У размечтавшейся Аграфены Ивановны – безнадежье в глазах.
Петр досадливо нахмурился. Она все забывала про второго, таинственного Петра, образ которого он настойчиво внедрял в нее, в которого и сам начинал вживаться и верить. Только он мог предузнать судьбы и события... Стоял перед ней – на бугре, плечами выше крыш, выше гор,– пускай в той же рванине своей, в глинистых сапогах,– удалую голову его обтекали облака.
– Мамаша, о чем разговор? Сами-то вы не видите, что кругом? Про деревню я уж не говорю, послушали бы у нас в столовых, как рабочий народ свое горюшко материт. Выходит, кто же у них остается: служащие с пайком, инженеры? А вы слыхали, какой суд в Москве идет... инженеры-то эти к нам – в министры, заранее!.. Где же, значит, сила-то, мамаша?
– Ты вот такое говоришь, теперь уже все равно и про Мишу высказал бы.

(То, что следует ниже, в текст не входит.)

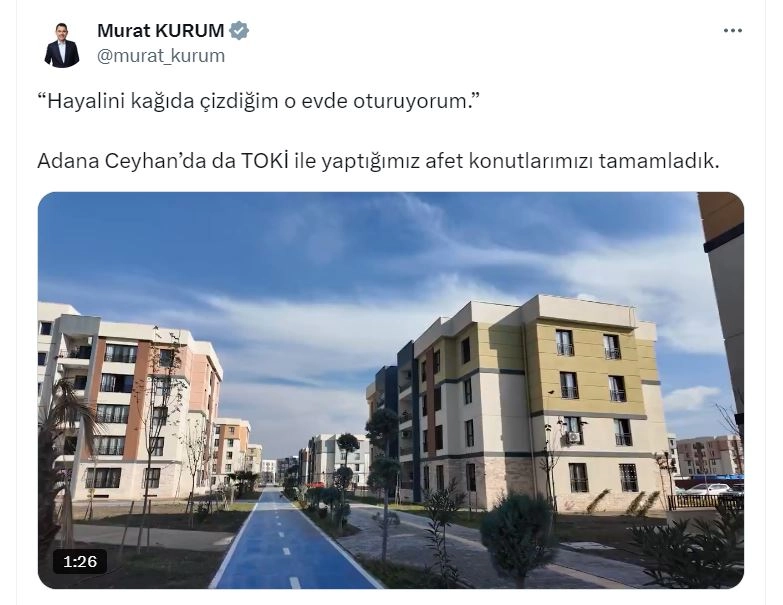 ANKARA, (DHA)- ÇEVRE, Şehircilik ve İklim Değişikliği Bakanı Murat Kurum, sosyal medya hesabından yaptığı paylaşımda, Ceyhanlı depremzede Ceylan Gök'ün 'Hayalini kağıda çizdiğim o evde oturuyorum' sözlerini alıntılayarak, "Adana Ceyhan'da da TOKİ ile yaptığımız afet konutlarımızı tamamladık" dedi.Bakanlıktan yapılan açıklamaya göre; Çevre, Şehircilik ve İklim Değişikliği Bakanlığı, 6 Şubat depremlerinden zarar gören Adana'da da inşa ve ihya çalışmalarını aralıksız sürdürüyor. TOKİ, Ceyhan ilçesindeki Mithatpaşa Mahallesi'nde 3 etap olarak başlattığı 1357 afet konutunun tamamının inşasını bitirdi. Mithatpaşa Mahallesi'ndeki yeni evlerine yerleşen vatandaşların görüntülerini sosyal medya hesabından paylaşan Çevre, Şehircilik ve İklim Değişikliği Bakanı Murat Kurum, hak sahibi Ceylan Gök'ün 'Hayalini kağıda çizdiğim o evde oturuyorum' sözlerini alıntılayarak, "Adana Ceyhan'da da TOKİ ile yaptığımız afet konutlarımızı tamamladık" ifadelerini kullandı.'DEPREMİN SENESİ DOLMADAN ANAHTARI ALDIM'Görüntülerde yer alan depremzede Ceylan Gök, hayal ettiği eve kavuşma hikayesini şöyle anlattı: "Benim yıllar önce yazdığım bir kağıt var, hala bende durur. O kağıda, '3 1, kileri olan bir ev' yazıyorum, 'güney cepheli olsun' diyorum. Şu anda o evde oturuyorum şükürler olsun. Normal şartlarda imkansız bir şeyi başardılar. Depremin senesi dolmadan evin anahtarını aldım. Burası tamamen hayal ettiğim gibi." (DHA)
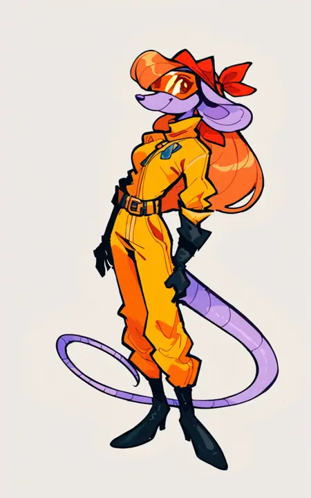For her Outfit 2: gloves, bandana, orange visor, orange hair, black gloves,yellow jumpsuit,belt

– Миша что ж? Я вот тут, в Красногорске, а он где-нибудь в Харькове иль на Сельмаше, и ходит он в одинаковой со всеми людьми одежде. Мы, мамаша, уничтожаемся и обратно воскресаем.
Старуха с таким упованием глядела ему в рот, что Петра щекотнуло. Дурашливо-злобные смешинки заиграли у него в глазах.
– Скажу уж вам: есть такая сила на земле, называется второй интернационал.
– Это какой же второй?
– Это другой, маманя. У большевиков – третий, красный, а этот называется желтый.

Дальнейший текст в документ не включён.